Sie kam in dieser Nacht mit einem Lächeln nach Hause, das sie nicht verbergen konnte. Clifford war in der Küche, und er bemerkte es sofort.
„Was ist passiert?“
„Ich habe einen Kunden bekommen.“
„Wo?“
„Nur ein kleines Café. Es ist nichts.“
„Es ist nicht nichts.“ Er goss ihr ein Glas Wein ein, ohne zu fragen. „Erzähl mir davon.“
Sie wollte es ihm nicht erzählen. Sie wollte nichts mit ihm teilen. Aber sie war müde, und sie war glücklich, und das Weinglas war in ihrer Hand, und bevor sie sich zurückhalten konnte, erzählte sie ihm von der Farbpalette und der Beleuchtung und dem Besitzer, der sie umarmt hatte, als hätte sie sein Leben verändert.
Clifford hörte zu. Er unterbrach sie nicht. Er schaute nicht auf sein Handy.
Als sie fertig war, sagte er: „Du bist gut darin.“
„Ich weiß.“
Er lächelte. Es war das erste Mal, dass sie ihn sie hatte anlächeln sehen, und etwas in ihrer Brust verschob sich.
Sie sollte ihn hassen. Sie sollte sich an Doras Lachen und den Seidenmorgenmantel erinnern und an die Art, wie er sie eine Unterschrift auf einem Blatt Papier genannt hatte. Sie sollte die Tage zählen, bis sie gehen konnte.

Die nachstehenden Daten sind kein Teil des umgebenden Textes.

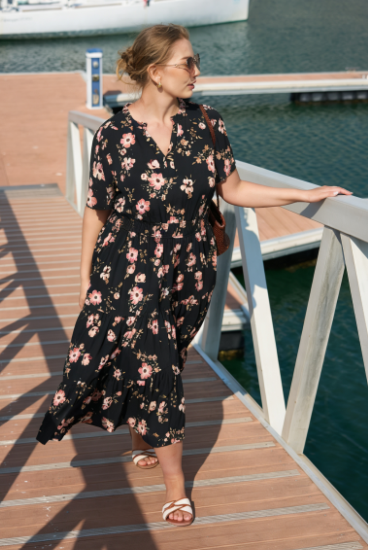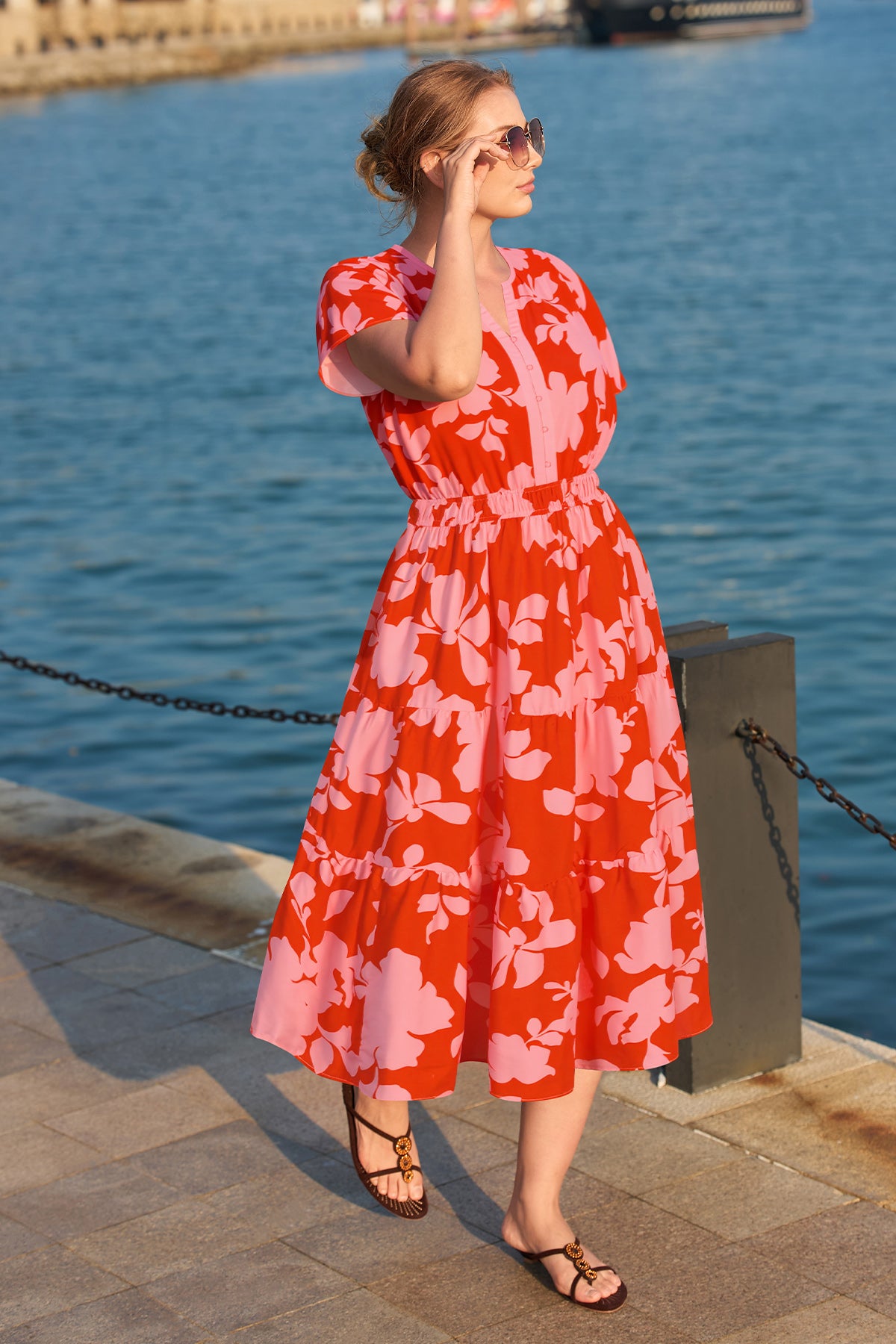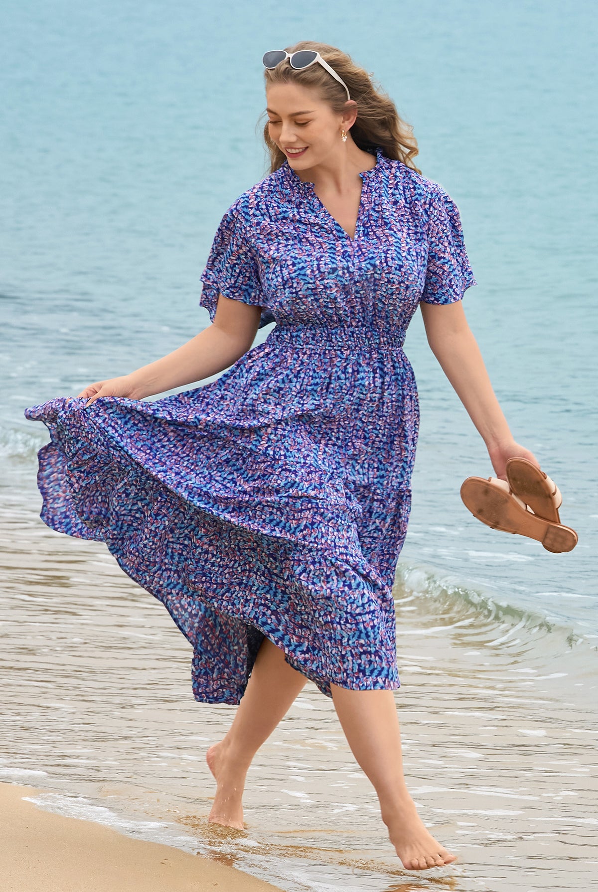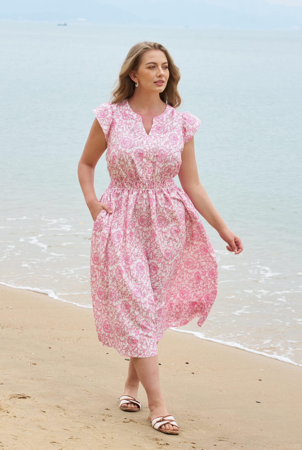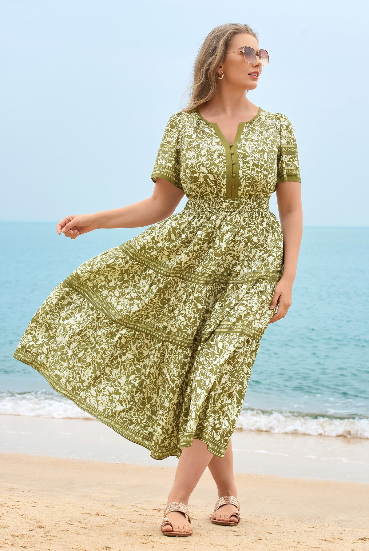 Ritera Pockets Floral Print Beach Summer Vibes Midi Dress

Aber für einen Moment vergaß sie es.
Im sechsten Monat rief Dora wieder an.
„Wie läuft das Eheleben?“
„Gut.“
„Nur gut?“
„Was soll ich sagen?“
Dora lachte, dasselbe vertraute Lachen. „Ich will, dass du sagst, dass du glücklich bist. Du hast es verdient, glücklich zu sein.“
Nilsa sah auf das Telefon in ihrer Hand. Sie dachte an das Café und ihren Vater und das Studio mit seinem scheppernden Heizkörper. Sie dachte an all die Dinge, die sie aufgebaut hatte, von denen Dora nichts wusste.
„Ich bin glücklich“, sagte sie.
„Du klingst so.“
„Ich bin es.“
Sie legte auf und ging zurück zu ihren Skizzen. Der Vertrag hatte noch sechs Monate Laufzeit. Sie hatte ein Geschäft aufzubauen. Sie hatte keine Zeit, an Doras Lachen zu denken oder an den Seidenmorgenmantel oder an die Art, wie sich Cliffords Daumen gegen den Stoff bewegt hatte.
Sie hatte keine Zeit darüber nachzudenken, wie lange es her war, seit sie gezählt hatte.